§ Material for the task:
* * * * * * * * *

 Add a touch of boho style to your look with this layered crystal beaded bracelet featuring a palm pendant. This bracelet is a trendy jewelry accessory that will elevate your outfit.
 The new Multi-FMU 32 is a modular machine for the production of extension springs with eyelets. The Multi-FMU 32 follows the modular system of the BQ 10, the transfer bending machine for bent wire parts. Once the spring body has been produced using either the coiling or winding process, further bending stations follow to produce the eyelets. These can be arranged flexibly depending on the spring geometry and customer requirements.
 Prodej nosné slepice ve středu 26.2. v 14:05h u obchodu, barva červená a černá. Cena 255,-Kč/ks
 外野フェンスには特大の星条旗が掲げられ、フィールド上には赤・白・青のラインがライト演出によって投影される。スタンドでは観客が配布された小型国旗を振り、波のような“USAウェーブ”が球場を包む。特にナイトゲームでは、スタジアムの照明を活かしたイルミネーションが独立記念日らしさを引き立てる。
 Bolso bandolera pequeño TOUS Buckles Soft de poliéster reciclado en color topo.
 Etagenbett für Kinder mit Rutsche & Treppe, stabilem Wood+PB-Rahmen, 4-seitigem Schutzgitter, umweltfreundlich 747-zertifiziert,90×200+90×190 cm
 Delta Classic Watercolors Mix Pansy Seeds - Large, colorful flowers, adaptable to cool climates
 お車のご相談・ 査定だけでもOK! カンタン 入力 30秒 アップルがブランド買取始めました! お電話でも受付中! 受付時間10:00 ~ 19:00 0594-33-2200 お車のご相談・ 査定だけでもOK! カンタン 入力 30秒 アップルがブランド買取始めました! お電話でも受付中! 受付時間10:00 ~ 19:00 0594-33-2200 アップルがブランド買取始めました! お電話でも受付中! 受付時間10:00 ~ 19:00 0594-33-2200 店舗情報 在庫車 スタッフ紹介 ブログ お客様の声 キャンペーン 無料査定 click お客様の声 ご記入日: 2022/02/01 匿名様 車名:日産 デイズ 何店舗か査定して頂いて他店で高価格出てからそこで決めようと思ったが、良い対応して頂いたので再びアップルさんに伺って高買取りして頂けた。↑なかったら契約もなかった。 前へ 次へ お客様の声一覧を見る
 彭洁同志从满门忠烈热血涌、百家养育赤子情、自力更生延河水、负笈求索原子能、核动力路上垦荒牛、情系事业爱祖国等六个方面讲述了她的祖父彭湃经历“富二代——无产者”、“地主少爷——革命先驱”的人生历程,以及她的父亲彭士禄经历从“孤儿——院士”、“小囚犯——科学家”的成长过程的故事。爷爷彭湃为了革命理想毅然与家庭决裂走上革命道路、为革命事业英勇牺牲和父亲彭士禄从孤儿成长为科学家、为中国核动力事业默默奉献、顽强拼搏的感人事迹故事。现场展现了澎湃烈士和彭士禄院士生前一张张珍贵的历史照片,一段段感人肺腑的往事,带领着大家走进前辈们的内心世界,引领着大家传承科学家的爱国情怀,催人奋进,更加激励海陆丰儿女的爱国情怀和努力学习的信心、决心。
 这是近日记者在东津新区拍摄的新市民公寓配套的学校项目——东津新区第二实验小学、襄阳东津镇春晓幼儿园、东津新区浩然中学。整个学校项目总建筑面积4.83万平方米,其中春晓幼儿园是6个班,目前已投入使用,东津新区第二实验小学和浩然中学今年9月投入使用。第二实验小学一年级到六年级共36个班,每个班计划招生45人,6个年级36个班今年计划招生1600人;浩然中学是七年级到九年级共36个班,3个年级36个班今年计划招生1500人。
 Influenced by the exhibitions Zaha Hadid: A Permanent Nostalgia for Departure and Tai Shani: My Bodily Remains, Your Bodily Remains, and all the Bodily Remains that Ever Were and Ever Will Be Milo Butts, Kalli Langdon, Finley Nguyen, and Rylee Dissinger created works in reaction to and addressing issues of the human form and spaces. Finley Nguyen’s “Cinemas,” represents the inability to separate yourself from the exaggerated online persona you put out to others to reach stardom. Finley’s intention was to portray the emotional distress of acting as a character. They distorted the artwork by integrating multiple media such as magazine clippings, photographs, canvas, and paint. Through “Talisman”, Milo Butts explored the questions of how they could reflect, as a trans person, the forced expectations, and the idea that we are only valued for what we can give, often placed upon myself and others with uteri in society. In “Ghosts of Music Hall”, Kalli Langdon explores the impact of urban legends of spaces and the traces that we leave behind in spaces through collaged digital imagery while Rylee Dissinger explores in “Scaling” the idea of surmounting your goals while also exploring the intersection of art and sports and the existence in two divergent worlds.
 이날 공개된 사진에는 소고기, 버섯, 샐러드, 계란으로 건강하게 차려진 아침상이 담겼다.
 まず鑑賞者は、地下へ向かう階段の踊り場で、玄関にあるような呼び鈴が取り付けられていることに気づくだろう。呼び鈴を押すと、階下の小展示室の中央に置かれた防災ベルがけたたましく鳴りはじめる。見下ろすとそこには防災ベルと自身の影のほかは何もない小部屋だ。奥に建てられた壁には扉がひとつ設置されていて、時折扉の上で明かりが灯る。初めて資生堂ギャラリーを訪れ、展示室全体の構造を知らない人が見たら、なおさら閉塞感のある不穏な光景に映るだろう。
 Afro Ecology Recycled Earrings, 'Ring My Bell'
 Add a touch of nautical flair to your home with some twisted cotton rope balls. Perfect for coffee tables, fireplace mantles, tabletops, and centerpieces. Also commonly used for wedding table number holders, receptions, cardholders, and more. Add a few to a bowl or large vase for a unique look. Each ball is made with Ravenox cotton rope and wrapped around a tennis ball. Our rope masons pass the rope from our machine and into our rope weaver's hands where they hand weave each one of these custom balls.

* * * * * * * * *

Stop at the line containing "Delta Classic Watercolors". Please print exactly every line before it from the start of the records, plus that line itself, and nothing else.

§ Solution:
 Add a touch of boho style to your look with this layered crystal beaded bracelet featuring a palm pendant. This bracelet is a trendy jewelry accessory that will elevate your outfit.
 The new Multi-FMU 32 is a modular machine for the production of extension springs with eyelets. The Multi-FMU 32 follows the modular system of the BQ 10, the transfer bending machine for bent wire parts. Once the spring body has been produced using either the coiling or winding process, further bending stations follow to produce the eyelets. These can be arranged flexibly depending on the spring geometry and customer requirements.
 Prodej nosné slepice ve středu 26.2. v 14:05h u obchodu, barva červená a černá. Cena 255,-Kč/ks
 外野フェンスには特大の星条旗が掲げられ、フィールド上には赤・白・青のラインがライト演出によって投影される。スタンドでは観客が配布された小型国旗を振り、波のような“USAウェーブ”が球場を包む。特にナイトゲームでは、スタジアムの照明を活かしたイルミネーションが独立記念日らしさを引き立てる。
 Bolso bandolera pequeño TOUS Buckles Soft de poliéster reciclado en color topo.
 Etagenbett für Kinder mit Rutsche & Treppe, stabilem Wood+PB-Rahmen, 4-seitigem Schutzgitter, umweltfreundlich 747-zertifiziert,90×200+90×190 cm
 Delta Classic Watercolors Mix Pansy Seeds - Large, colorful flowers, adaptable to cool climates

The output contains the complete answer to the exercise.